Tanespimycin (17-allylamino-17-demethoxygeldanamycin, 17-AAG) is a synthetic analogue of geldanamycin, an antibiotic first purified in 1970 from Streptomyces hygroscopicus. Tanespimycin is an Hsp90 inhibitor that has demonstrated the potential to disrupt the activity of multiple oncogenes and cell signaling pathways implicated in tumor growth, including HER2, a key pathway in breast cancer. Tanespimycin was being under development by Kosan Biosciences. It was in phase 3 clinical development with bortezomib for the treatment of multiple myeloma (MM). However, in 2010 the company halted development of tanespimycin, during late-stage clinical trials as a potential treatment for multiple myeloma. While no definitive explanation was given, it has been suggested that Bristol-Myers Squibb halted development over concerns of the financial feasibility of tanespimycin development given the 2014 expiry of the patent on this compound, and the relative expense of manufacture.

Fenretinide (4-HPR) is an orally-active synthetic phenylretinamide analogue of retinol (vitamin A) with potential antineoplastic and chemopreventive activities. Fenretinide binds to and activates retinoic acid receptors (RARs), thereby inducing cell differentiation and apoptosis in some tumor cell types. This agent also inhibits tumor growth by modulating angiogenesis-associated growth factors and their receptors and exhibits retinoid receptor-independent apoptotic properties. Phase III clinical trial data has suggested that fenretinide reduces breast cancer relapse in pre-menopausal women. Fenretinide is the most studied retinoid in breast cancer chemoprevention clinical trials due to its selective accumulation in breast tissue and its favorable toxicological profile. This agent showed a significative reduction of the incidence of second breast tumors in premenopausal women confirmed after 15-year followups. Fenretinide, a drug being developed by Sirion Therapeutics, slowed the progression of advanced dry age-related macular degeneration (AMD) by 45 percent for people receiving a higher dose of the treatment in a Phase II clinical trial. Sirion has been granted a Fast Track designation for the treatment by the FDA. Fenretinide is in phase II clinical trials for the treatment of B-cell lymphoma, chronic lymphocytic leukemia. It is also in phase I clinical trials for the treatment of cystic fibrosis.

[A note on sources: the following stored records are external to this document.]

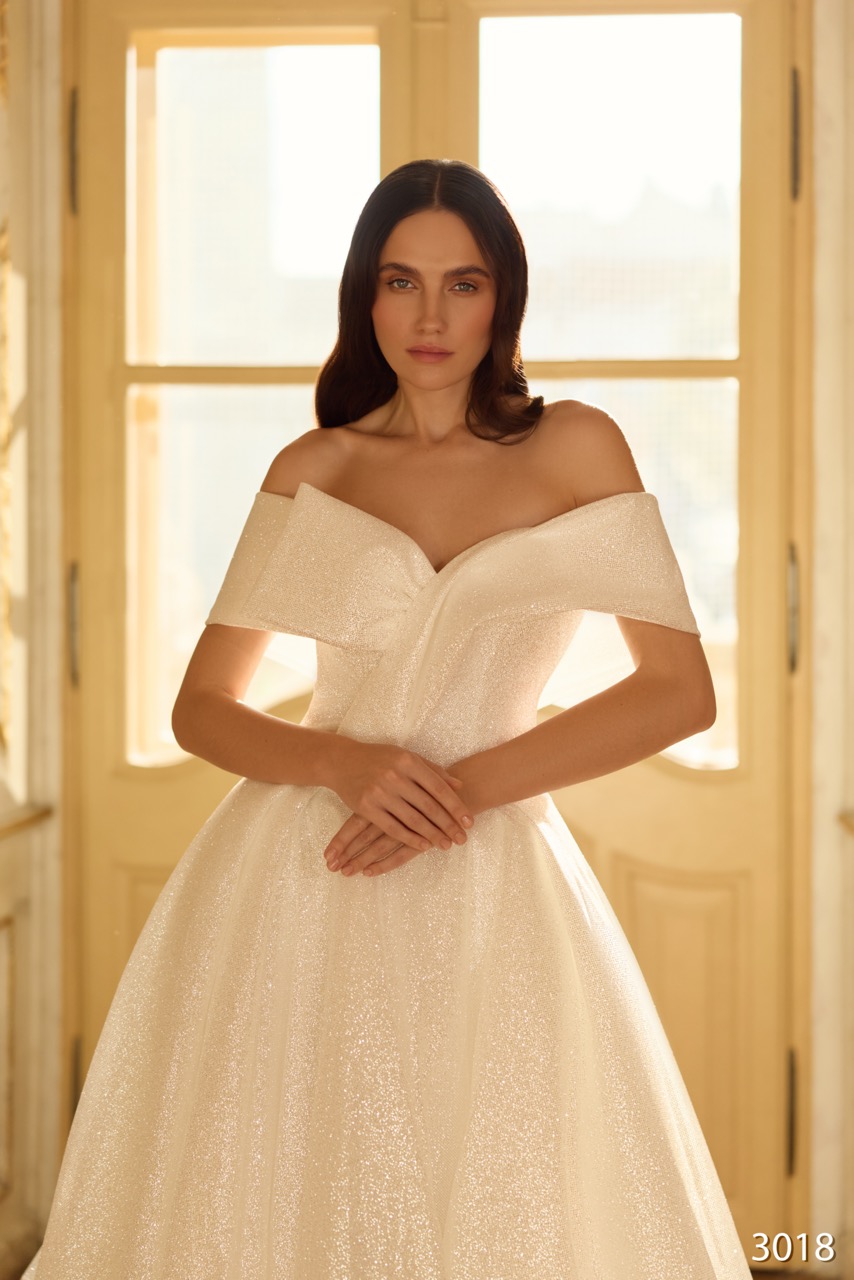 O modelo 3018 é a escolha definitiva para a noiva que deseja ser o centro de todas as atenções sob as luzes da celebração. Este vestido de corte princesa é inteiramente confecionado num tecido cintilante que reflete a luz de forma espetacular a cada movimento. O corpete estruturado apresenta um decote “off-the-shoulder” com um drapeado artístico que suaviza a linha do busto e dos ombros. A saia volumosa e luxuosa surpreende com uma racha lateral profunda, conferindo uma dose de modernidade e audácia a uma silhueta tradicionalmente clássica.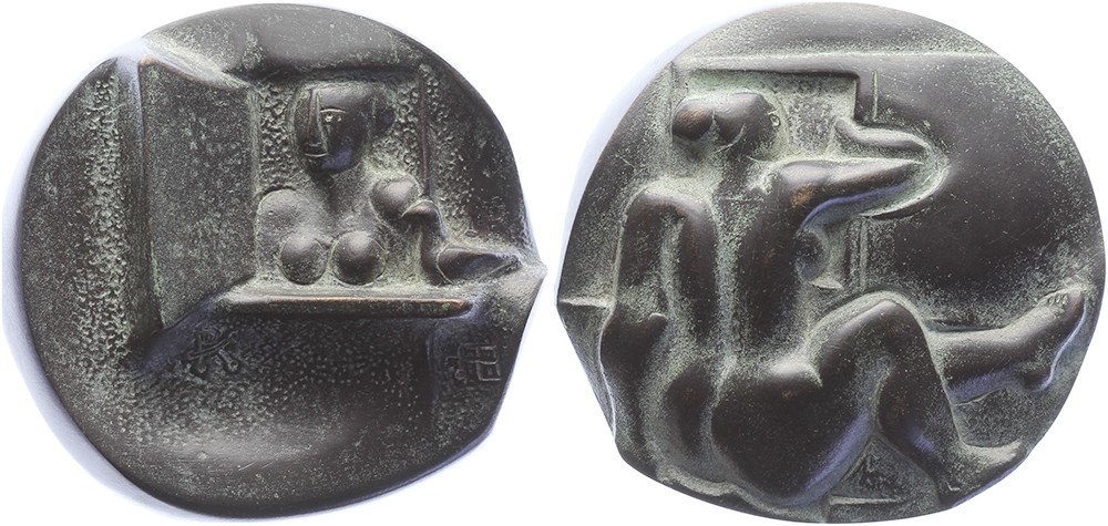 1991 Vrouw in raam. Vrouw kijkt uit raam; duif op de vensterbank. / Vrouw kijkt uit raam, op de rug gezien. Æ gegoten 80. Tilanus pag. 495-497. Fons Bemelmans. Prachtig.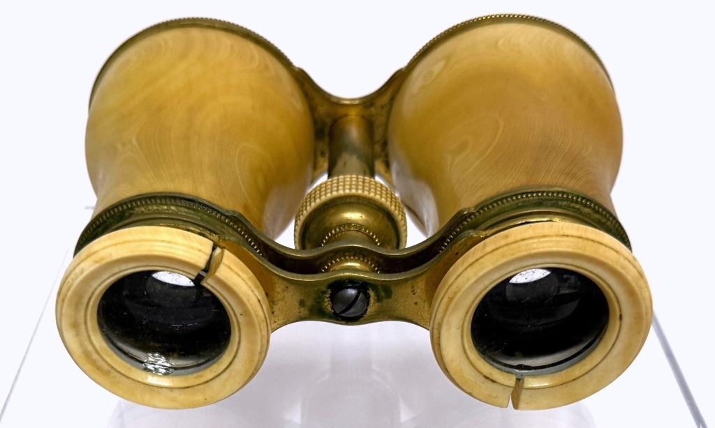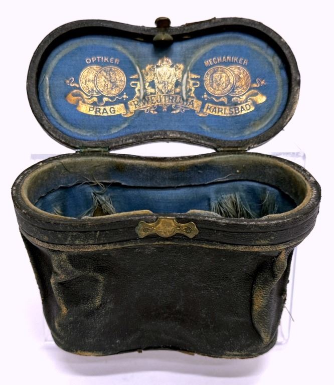 Item/Description: Antique opera glasses, dating from the late 19th to early 20th century, presented in their original fitted black case. The binoculars feature a classic design with polished brass frames and bone material around the barrels. The accompanying black leatherette case bears the stamp: "Optiker Mechaniker Prag R. Wejtruda Karlsbad," identifying the prestigious optician R. Wejtruda, who operated in Prague and Karlsbad in Bohemia during the Austro-Hungarian Empire. (Optical Instruments, Antique Decorative Accessories, Bohemian, Czech)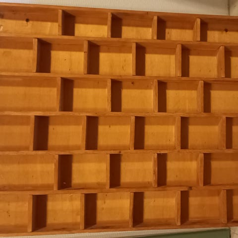 Kasthyllor = Trälåda med många små fack i olika storlekar. 70 x 50 cm. Finns för avhämtning i Huddinge Centrum. Lådan är rektangulär och kan användas till förvaring eller sortering av småsaker, exempelvis pysselmaterial, skruvar eller samlarföremål. Trälådan kan ställas på golv eller hylla, eller eventuellt hängas på vägg om man monterar upphängning på baksidan.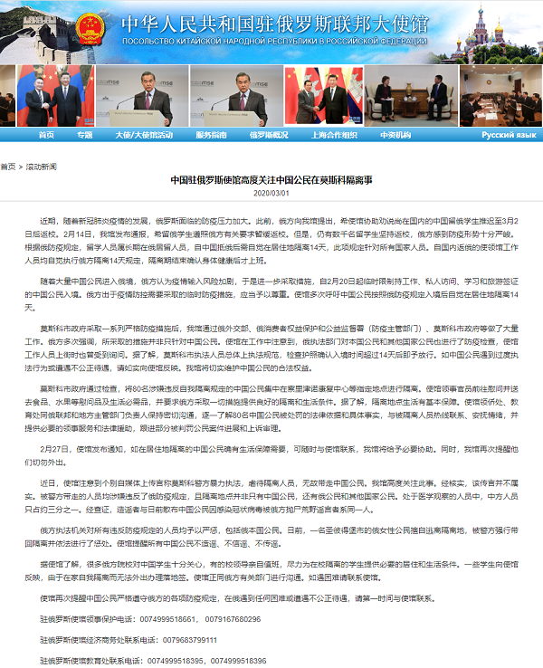 據使館了解,很多俄方院校對中國學生十分關心,有的校領導親自值班,盡力為在校隔離的學生提供必要的居住和生活條件。一些學生向使館反映,由于在家自我隔離而無法外出辦理落地簽。使館正同俄方有關部門進行溝通。如遇困難請聯系使館。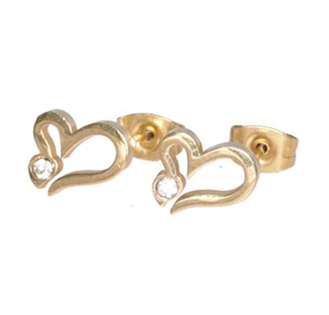 Oorknopjes gemaakt in chirurgisch staal en afgewerkt met een gouden P.V.D coating. Door de hardheid van het staal vervormen de sieraden nooit of nauwelijks. Bovendien zijn al onze producten uit het assortiment zeer comfortabel & veilig te dragen en uiteraard nikkelvrij! De lengte van het hartje bedraagt10 mm en de breedte 6 mm.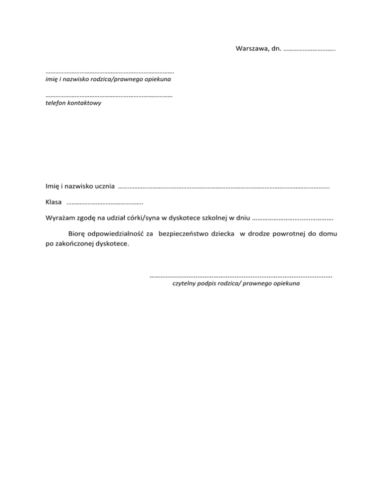 Warszawa, dn. ………………………….. ……………………………………………………………………. imię i nazwisko rodzica/prawnego opiekuna …………………………………………………………………… telefon kontaktowy Imię i nazwisko ucznia …………………………………………………………………………………………………………………. Klasa ……………………………………….. Wyrażam zgodę na udział córki/syna w dyskotece szkolnej w dniu ………………………………………. Biorę odpowiedzialność za bezpieczeństwo dziecka w drodze powrotnej do domu po zakończonej dyskotece. …………………………………………………………………………………………. czytelny podpis rodzica/ prawnego opiekuna

Kifunensine is an immunoactive compound originally produced by Kitasatosporia kifunense, which displays competitive inhibition against immunosuppressive factor in tumor-bearing mice. Kifunensine has also been shown to be a potent inhibitor of the purified glycoprotein processing enzyme, mannosidase I (MAN1), specifically MAN1A1, MAN1A2, MAN1B1 and MAN1C1. Kifunensine inhibits human endoplasmic reticulum α-1,2-mannosidase I and Golgi Class I mannosidases IA, IB and IC with Ki values of 130 and 23 nM, respectively. Enzymes of this class are important factors for the biosynthesis of various types of N-linked oligosaccharide structures. Inhibition of these structures by kifunensine can interfere with cell-to-cell adhesion, targeting of lysosomal hydrolases to lysosomes, and clearance of asialoglycoproteins from the serum. Kifunensine is used to suppress Endoplasmic Reticulum-Associated Degradation (ERAD) via the inhibition of endoplasmic reticulum-associated mannosidase activity. Kifunensine has shown potential for treatment of sarcoglycanopathies and lysosomal storage disorders. Orphan designation (EU/3/11/906) was granted by the European Commission to Généthon, France, for kifunensine for the treatment of beta sarcoglycanopathy, but it was withdrawn later. Kifunensine’s use as a therapeutic is currently being researched in several conditions that benefit from its ability to inhibit mannosidase I.